DCC spin has allowed our $1.2 BILLION combined Company and DCC Debt to look less by only highlighting DCC book debt of around $400 million, having bounced our Stadium debt into the Companies’ books to keep up appearances. 
The DCC has also found many ways of subsidising the loss-making Stadium to make things look less worrying in Annual reports. 
These annual subsidies include: Event attraction funding, local event discount funding, a special Stadium rates differential, and an annual purchase of $2.55 million of Stadium shares by the DCC despite DCC already owning 100% of Stadium shares – and this is described in DCC accounts as “Investment”! 
The annual total of this accounting duplicity is close to $9 million every year for a Stadium that struggles to get a major event for many months at a time and won’t even do that once Christchurch Stadium is available.

What to do?
1 – Admit and clearly identify the problems: 
The DCC has failed to control or get returns on our massive investment in our Council Controlled Organisations.
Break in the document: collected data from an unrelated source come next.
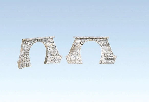 This is a Faller 120561 HO 2 Tunnel Portals. Features: Singel-track, for steam version. Especially suitable for the completion of the inner walls of tunnel are FALLER wall panels (170624, 170886). Dimensions: 157 x 85 x 8 mm, Clearance width: 51 mm, Clearance: max. 72 mm.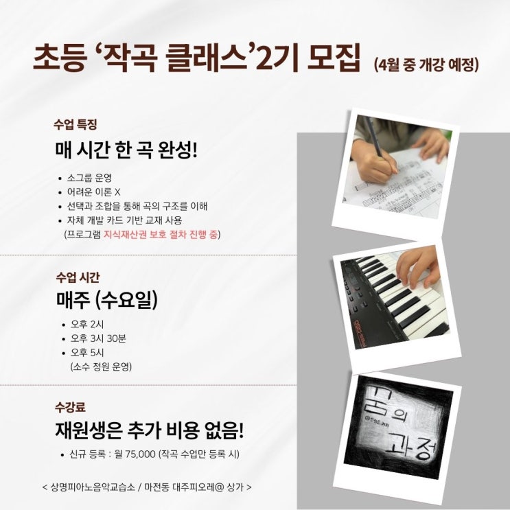 [ 초등 ‘작곡’ 2기 모집 ] 이론 중심 수업이 아닌 선택과 조합으로 배우는 창작 작곡 수업 수업은 소그룹 형태로 운영되며, 아이들이 서로의 아이디어를 나누고 매 수업시간마다 한 곡을 완성합니다. 본 수업은 자체 개발한 카드 기반 작곡 교재로 운영됩니다. (현재 지식재산권 보호 절차 진행 중입니다.) ▶ 수업 시간 (수요일) 2:00 3:30 5:00 ※ 소수 정원 운영 ▶ 대상 초등학생 (1학년~6학년) ▶ 수강료 재원생 : 추가 비용 없음 신규 등록 : 월 75,000원 ♬ 이런 아이에게 추천합니다 ✔ 음악을 좋아하지만 작곡은 처음인 아이 ✔ 자기 생각을 음악으로 표현해보고 싶은 아이 ✔ 한 곡을 끝까지 완성해보는 경험이 필요한 아이 ✔ 새로....... <img src="https://blogthumb.pstatic.net/MjAyNjAzMDNfMTU0/MDAxNzcyNTIwODc2Njg0.3kjLd15PE_VVrvSmTQ3496lH65CazGBY6hLvOoWG_R0g.IC548vHJdnMPa6sYmyI9Gx7PLeEryntvNb7xAMFAlj4g.JPEG/2026_%C0%DB%B0%EE%C5%AC%B7%A1%BD%BA_%C8%AB%BA%B8%B9%B0.jpg?type=s3" />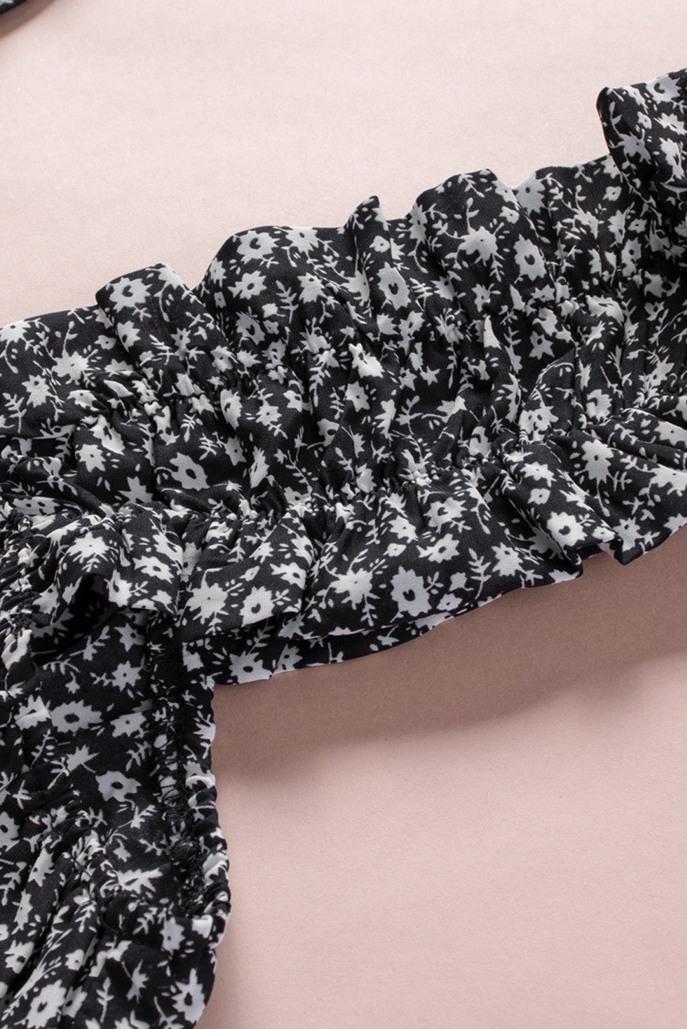 - Finished with a square elasticized neckline and elasticized straps with ruffle trim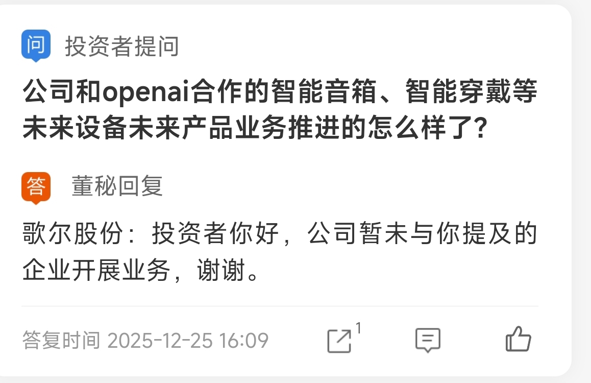 $歌尔股份(SZ002241)$ 这是实锤了,还一个个的yy呢,还有人说暂时没有,以后会有,都这么喜欢做梦那我也做一个,以后我会收购open AI!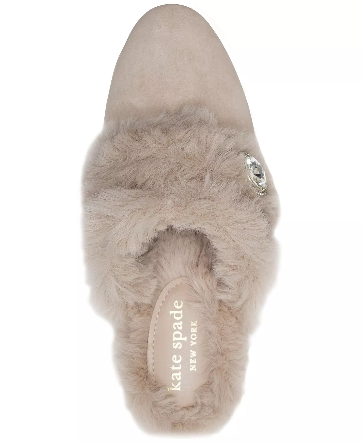 Fluffy faux-fur adds cozy appeal to rhinestone accents in the easy slip-on design of Kate Spade New York’s Uma clogs.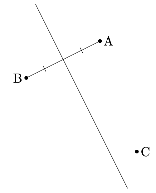 - 線分 $\mathrm{AB}$ の垂直二等分線を $l$ とすると、点 $\mathrm{P}$ は $l$ 上にある。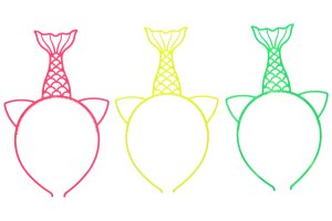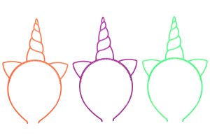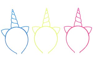 Vlasový doplnok - čelenka s ozdobou mix. Rôzne farby 5 druhov ozdôb - jednorožec, korunka, uši, zajac, ryba Každá ozdoba je v 5 farbách (modrá, zelená, oranžová, žltá, ružová)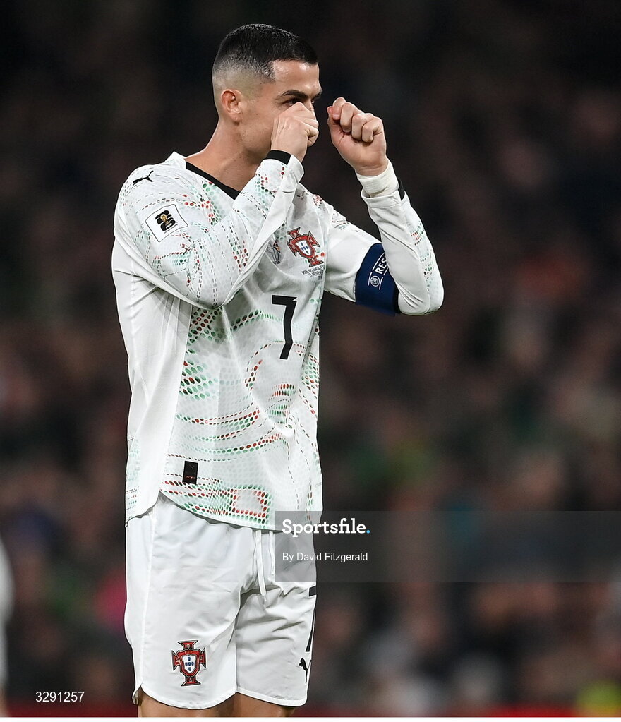 13 November 2025; Cristiano Ronaldo of Portugal gestures towards Dara O'Shea of Republic of Ireland, not pictured, after they tangled, resulting in a red card for Cristiano Ronaldo during the FIFA World Cup 2026 Group F Qualifier match between Republic of Ireland and Portugal at the Aviva Stadium in Dublin. Photo by David Fitzgerald/Sportsfile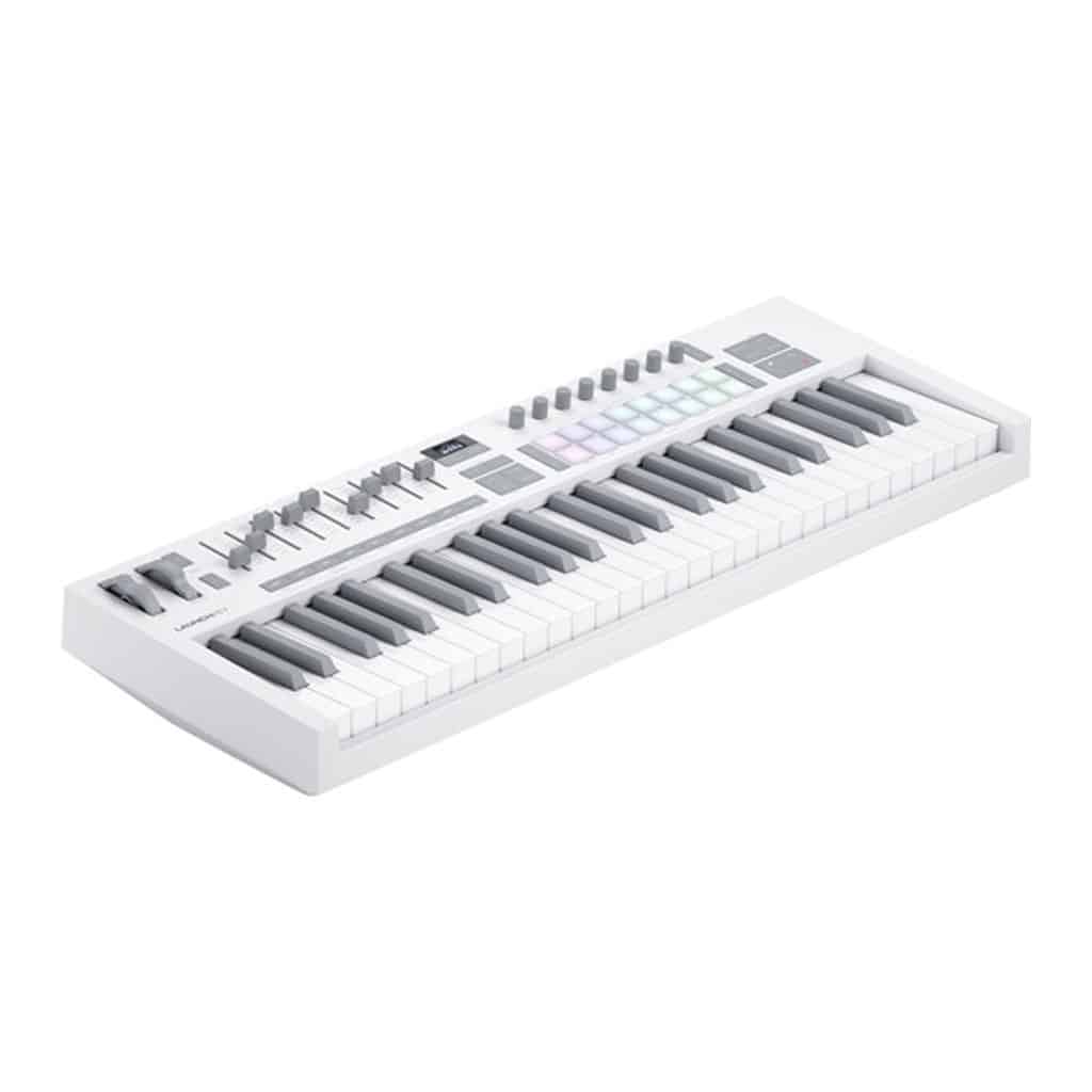 The 49-note waterfall keyboard is expressive, musical, and a joy to play. Semiweighted keys and velocity sensitivity ensure a natural and articulate playing experience. For finger-drummers, Launchkey now sports Novation’s patented velocity-sensitive FSR drum pads with polyphonic aftertouch.Unlike standard pads, each one features a unique radial sensor that increases sensitivity and improves consistency for even tighter performances. They can also be set to trigger chords or individual notes with polyphonic aftertouch.

Like the Cull Council, the Hawkins Council has left our companies in the too-hard-basket, preferring to borrow instead.

The Stadium has ludicrously high $9 million+ annual DCC subsidies to keep it inflated with few events and fewer forecast.
Council Companies still fail to deliver dividends or proper rates of return after 7 years of massive injections of borrowed capital that were supposed to make them profitable.
The DCC has lumbered Council Companies with $2.5 million annual losses just to delay inevitable decisions on Taieri Gorge Railway and keep it mothballed for each of the last 3 years.
City Forests has been conjuring profits from revaluations and carbon credits rather than just efficiently harvesting timber.
The Hawkins’ Council itself has gone on an unprecedented spending spree on transport changes and cycleways including George st that will amount to more than $150 million of unsustainable spending on unproductive investments. 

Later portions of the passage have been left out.